The materialiser runs four steps in fixed order. It looks up the canonical OperationName for new_kind, asks the uniquer for an interned op carrying that tuple, falls back to the builder if the tuple has not been seen before, then rewires uses and erases the original.

Step 1 uses the public arith.* opcode from dword_4F99CE0, not the local simplifier kind. The table lookup happens at the boundary between the private expression IR and public MLIR, so the materialiser never sees the simplifier's internal numbering.

Steps 1 through 3 go through a paired uniquer and builder. sub_3F1A460 is the uniquer: given a (name, operands, attrs) tuple it returns the canonical, deduplicated Operation *. The simplifier walks many subgraphs and tends to produce structurally identical ops; the uniquer guarantees one canonical instance per tuple, which keeps later CSE and pattern matching cheap. sub_3F1A5E0 is the builder: given the same tuple, it materialises a fresh Operation * through the MLIR OpBuilder API. The builder runs only when the uniquer has no entry yet.
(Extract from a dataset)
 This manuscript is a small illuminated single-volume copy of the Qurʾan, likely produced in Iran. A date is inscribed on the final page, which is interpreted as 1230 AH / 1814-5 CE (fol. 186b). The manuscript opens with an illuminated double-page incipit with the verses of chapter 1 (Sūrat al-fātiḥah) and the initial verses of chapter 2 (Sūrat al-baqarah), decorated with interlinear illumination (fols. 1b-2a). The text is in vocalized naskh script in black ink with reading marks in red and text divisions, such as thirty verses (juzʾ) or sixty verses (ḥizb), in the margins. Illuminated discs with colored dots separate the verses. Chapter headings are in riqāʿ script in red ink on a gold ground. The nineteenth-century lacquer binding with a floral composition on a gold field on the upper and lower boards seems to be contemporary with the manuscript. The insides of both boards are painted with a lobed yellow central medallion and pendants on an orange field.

The pair is split because some rewrites produce new constants. Those constants must go through the StorageUniquer first (see StorageUniquer and Context Impl) before they can appear as operands. The uniquer side is the lookup; the builder side is the allocator that runs on a uniquer miss.

Operation *materialize(const SimplifierResult *r) {
    OperationName name = lookupOpName(r->new_kind);

    Operation *unique = sub_3F1A460(name, r->new_operands, r->new_attrs);   // uniquer
    if (!unique) {
        unique = sub_3F1A5E0(name, r->new_operands, r->new_attrs);          // builder fallback
    }

    r->original->replaceAllUsesWith(unique);
    r->original->erase();
    return unique;
}

replaceAllUsesWith runs before erase. The order matters: erasing first would drop the SSA def while live uses still reference it, which the MLIR verifier rejects. The materialiser is the only place in the simplifier that mutates the public op graph; every step before it operates on the private expression IR and on uniquer queries.
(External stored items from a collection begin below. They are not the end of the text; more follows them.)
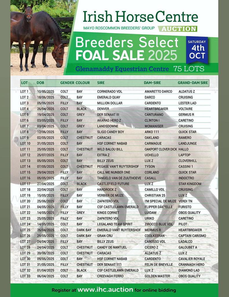 THE Irish Horse Centre (IHC) powered by the Mayo Roscommon Breeders’ Group (MRBG) is proud to present Edition 8 of The Breeders’ Select Foal Sale Ireland - now a well-established flagship foal sale run by the group for the first time in 2018 - on October 4th next.
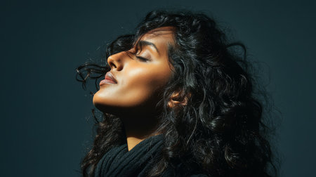 A woman with beautiful curly hair stands in soft light tilting her head back with her eyes closed. She expresses a sense of calm and tranquility embodying natural beauty and peacefulness.
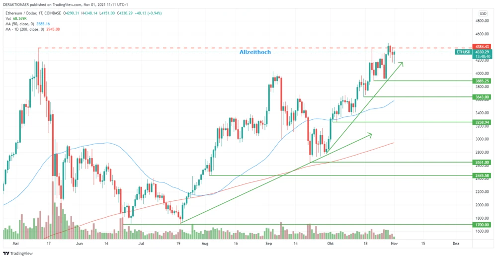 Bei Ethereum war es in den späten Abendstunden am vergangenen Freitag nun auch so weit. Wie DER AKTIONÄR bereits vermutete, knackte rund eine Woche nach Bitcoin nun auch Ethereum (ETH) das Allzeithoch. Die neue Rekordmarke bei ETH ist laut Notierung bei Coinbase bei 4.462 Dollar. Am Wochenende setzten dann leichte Gewinnmitnahmen ein. Am heutigen Montag drücken die Bullen aber bereits wieder aufs Gas. Der Trend ist intakt, das Sentiment bullish und der Kurszuwachs bei ETH ist noch nicht überhitzt. Also gute Rahmenbedingungen für weiter steigende Kurse.
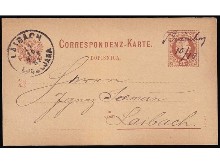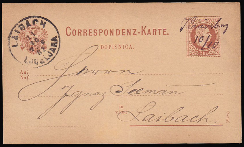 • Dopisnica ručno poništena Krainburg 10.10. (1882) i upućena u Ljubljanu.
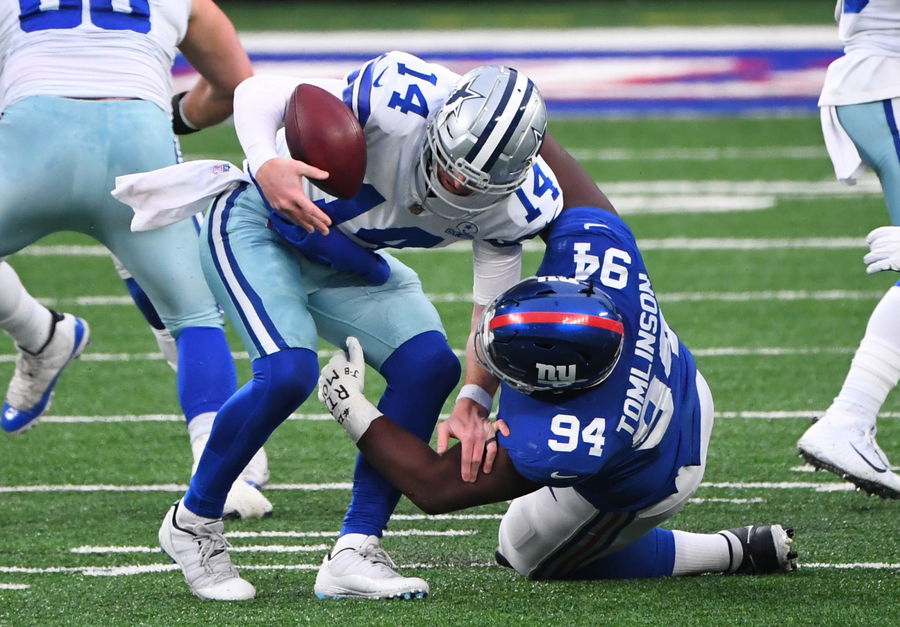 Jan 3, 2021; East Rutherford, NJ, USA; Dallas Cowboys quarterback Andy Dalton (14) is sacked by New York Giants nose tackle Dalvin Tomlinson (94) in the first half at MetLife Stadium. Mandatory Credit: Robert Deutsch-USA TODAY Sports

DenseElements Debug Printer

The DenseElementsAttr printer sits off the hot simplification path. An inbound-file debug replay path reaches it; from there it reads an element buffer and formats it as comma-separated values with no surrounding brackets and no shape prefix. Invalid element type codes abort through the same internal bug path used by invalid expression kinds.

DenseElementsTypeCode

ValueNameElement type
0DETC_Reserved0BUG (invalid)
1DETC_F3232-bit IEEE float
2DETC_F6464-bit IEEE float
3DETC_I8signed 8-bit integer
4DETC_I16signed 16-bit integer
5DETC_I32signed 32-bit integer
6DETC_I64signed 64-bit integer
7DETC_U8unsigned 8-bit integer
8DETC_U16unsigned 16-bit integer
9DETC_U32unsigned 32-bit integer
10DETC_U64unsigned 64-bit integer
11DETC_Reserved11BUG (invalid)
void append_dense_elements_debug_string(StringBuilder *out,
                                        const void *data,
                                        DenseElementsMetadata meta) {
    for (uint64_t i = 0; i < meta.element_count; ++i) {
        if (i != 0) {
            string_builder_append(out, ",");
        }

        switch (meta.type_code) {
        case DETC_F32:
            append_f32(out, load_f32(data, i));
            break;
        case DETC_F64:
            append_f64(out, load_f64(data, i));
            break;
        case DETC_I8:
        case DETC_I16:
        case DETC_I32:
        case DETC_I64:
            append_signed_decimal(out, load_signed_integer(data, meta, i));
            break;
        case DETC_U8:
        case DETC_U16:
        case DETC_U32:
        case DETC_U64:
            append_unsigned_decimal(out, load_unsigned_integer(data, meta, i));
            break;
        default:
            bug_invalid_dense_element_type(meta.type_code);
        }
    }
}